=== COLLECTED DATA ===
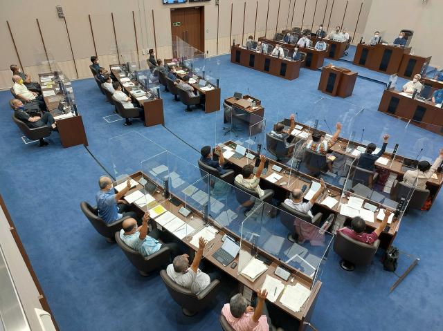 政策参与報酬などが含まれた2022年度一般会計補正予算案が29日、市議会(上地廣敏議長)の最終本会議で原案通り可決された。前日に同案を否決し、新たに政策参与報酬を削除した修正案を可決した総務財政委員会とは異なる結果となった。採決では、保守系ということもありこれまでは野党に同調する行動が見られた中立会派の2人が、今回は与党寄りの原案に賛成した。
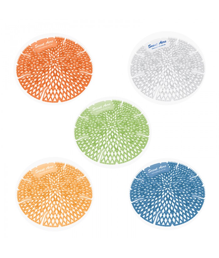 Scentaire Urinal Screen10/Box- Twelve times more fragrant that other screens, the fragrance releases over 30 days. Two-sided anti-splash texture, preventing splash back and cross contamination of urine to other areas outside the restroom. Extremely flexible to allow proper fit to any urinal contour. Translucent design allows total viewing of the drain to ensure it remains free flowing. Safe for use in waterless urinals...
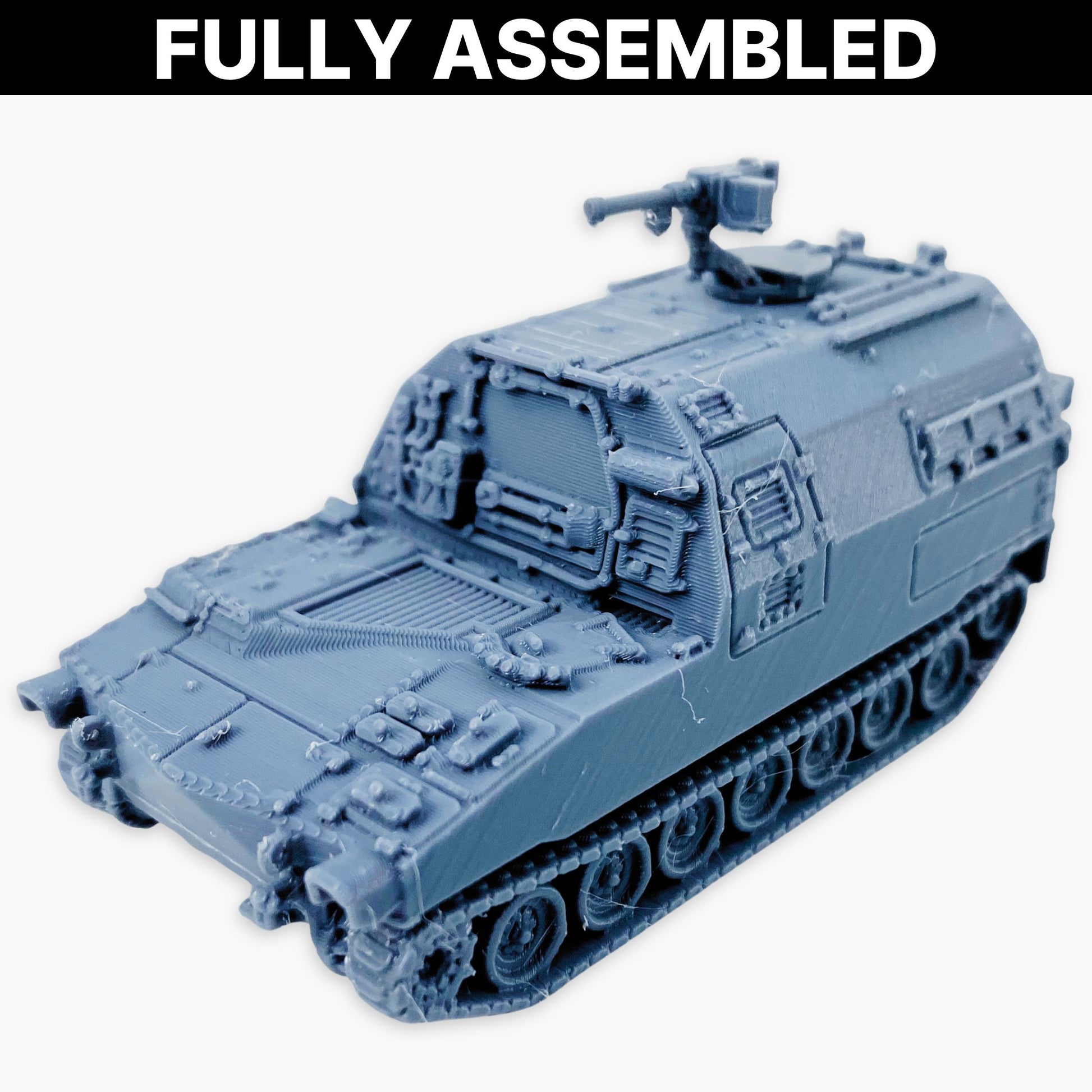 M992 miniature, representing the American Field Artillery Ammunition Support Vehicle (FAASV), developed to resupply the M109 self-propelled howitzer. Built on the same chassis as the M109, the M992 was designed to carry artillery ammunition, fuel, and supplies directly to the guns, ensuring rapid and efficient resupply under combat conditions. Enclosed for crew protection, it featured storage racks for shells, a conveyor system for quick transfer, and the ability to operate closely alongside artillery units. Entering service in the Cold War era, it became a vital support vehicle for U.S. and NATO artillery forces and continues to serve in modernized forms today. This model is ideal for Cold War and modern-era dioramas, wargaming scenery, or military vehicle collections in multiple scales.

=== INSTRUCTIONS FOR THE TASK ===
Print the complete listing exactly, apart from any pictures.

=== ANSWER TO THIS EXERCISE ===
 政策参与報酬などが含まれた2022年度一般会計補正予算案が29日、市議会(上地廣敏議長)の最終本会議で原案通り可決された。前日に同案を否決し、新たに政策参与報酬を削除した修正案を可決した総務財政委員会とは異なる結果となった。採決では、保守系ということもありこれまでは野党に同調する行動が見られた中立会派の2人が、今回は与党寄りの原案に賛成した。
 Scentaire Urinal Screen10/Box- Twelve times more fragrant that other screens, the fragrance releases over 30 days. Two-sided anti-splash texture, preventing splash back and cross contamination of urine to other areas outside the restroom. Extremely flexible to allow proper fit to any urinal contour. Translucent design allows total viewing of the drain to ensure it remains free flowing. Safe for use in waterless urinals...
 M992 miniature, representing the American Field Artillery Ammunition Support Vehicle (FAASV), developed to resupply the M109 self-propelled howitzer. Built on the same chassis as the M109, the M992 was designed to carry artillery ammunition, fuel, and supplies directly to the guns, ensuring rapid and efficient resupply under combat conditions. Enclosed for crew protection, it featured storage racks for shells, a conveyor system for quick transfer, and the ability to operate closely alongside artillery units. Entering service in the Cold War era, it became a vital support vehicle for U.S. and NATO artillery forces and continues to serve in modernized forms today. This model is ideal for Cold War and modern-era dioramas, wargaming scenery, or military vehicle collections in multiple scales.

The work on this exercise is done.